Nothing but the lines from the one holding "The bride will" to the final line of the listing below, both included, should be repeated, and each must match exactly. Omit pictures.
++++ Raw data
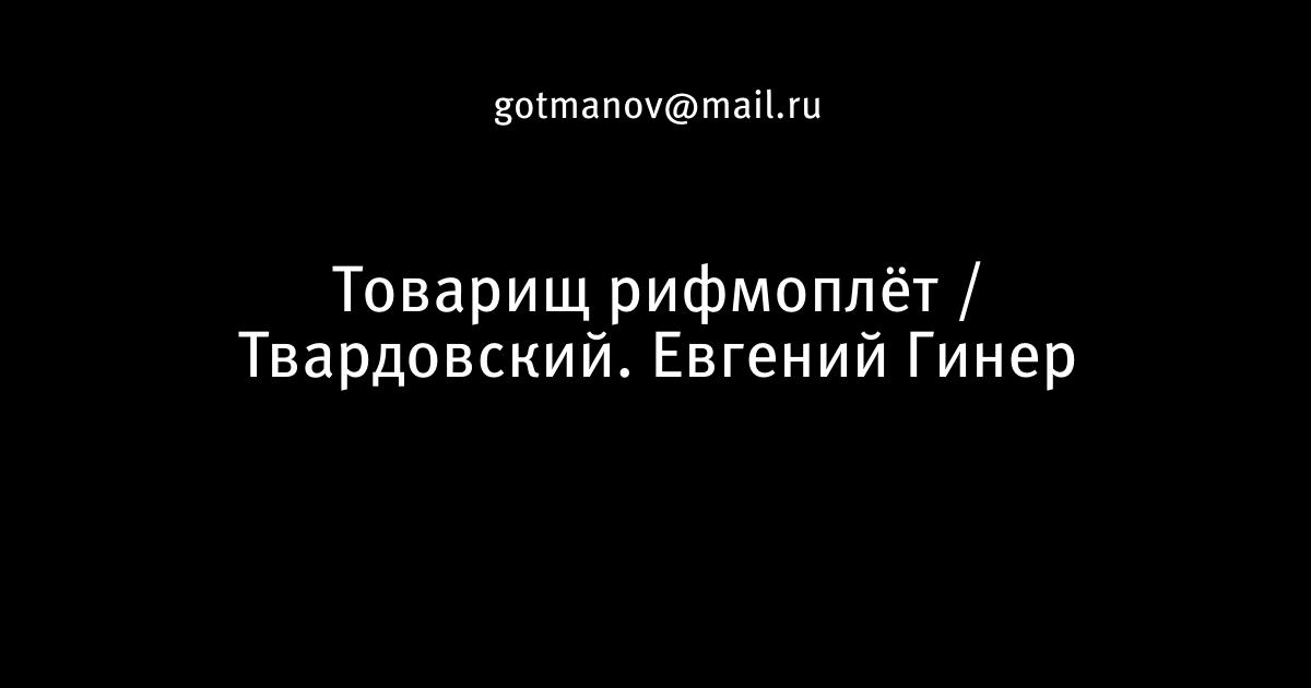 Товарищ рифмоплёт / Твардовский. Евгений Гинер
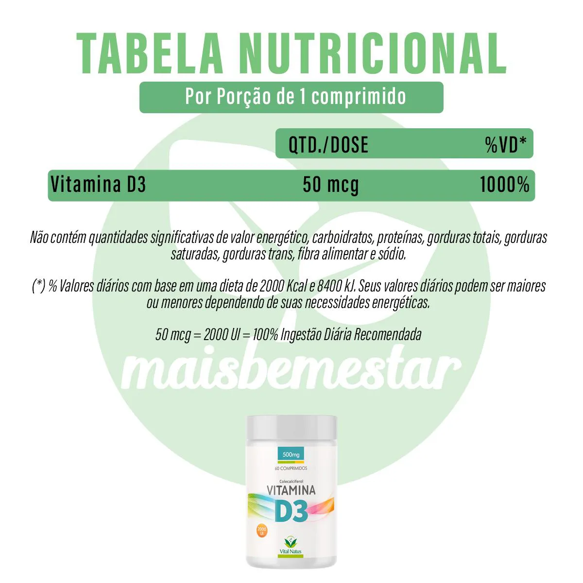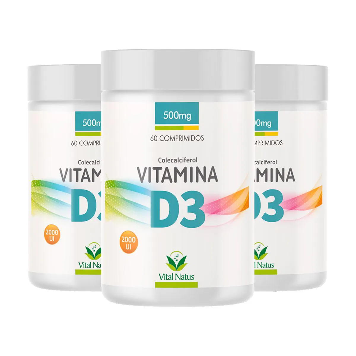 Nesta compra você receberá 3 frascos com 60 comprimidos de vitamina D3 2.000UI Vital Natus.
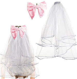 The bride will feel so girly with this Coquette Bachelorette Party accessories. The set comes with a 30" white veil and a satin blush bow. She can wear it at her bachelorette party, engagement party or bridal shower. The white two-layer tulle veil attaches using a single comb. The satin bow has an alligator clip that can clip onto the comb of the veil.
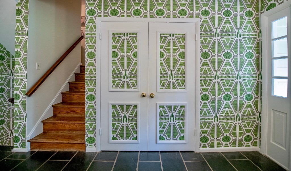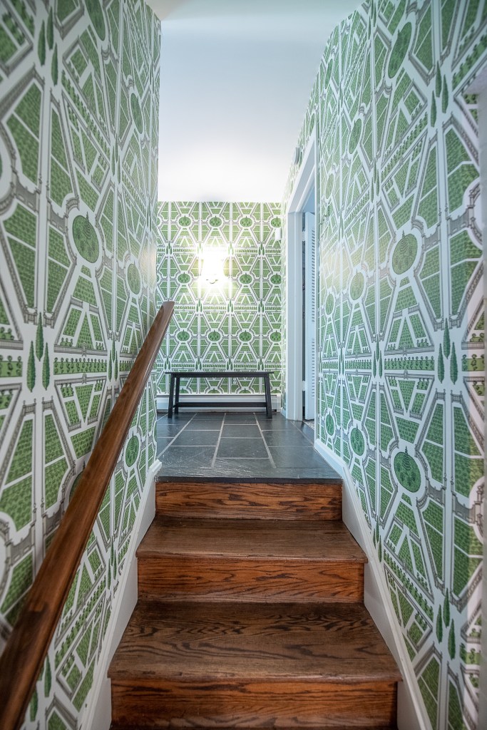 This project was so much fun and I couldn’t be happier with how it turned out. My client wanted to make a statement in her foyer that tied into the rest of the first floor. Wallpaper is the way to add interest to any room.
++++++++
_Final answer:_
 The bride will feel so girly with this Coquette Bachelorette Party accessories. The set comes with a 30" white veil and a satin blush bow. She can wear it at her bachelorette party, engagement party or bridal shower. The white two-layer tulle veil attaches using a single comb. The satin bow has an alligator clip that can clip onto the comb of the veil.
 This project was so much fun and I couldn’t be happier with how it turned out. My client wanted to make a statement in her foyer that tied into the rest of the first floor. Wallpaper is the way to add interest to any room.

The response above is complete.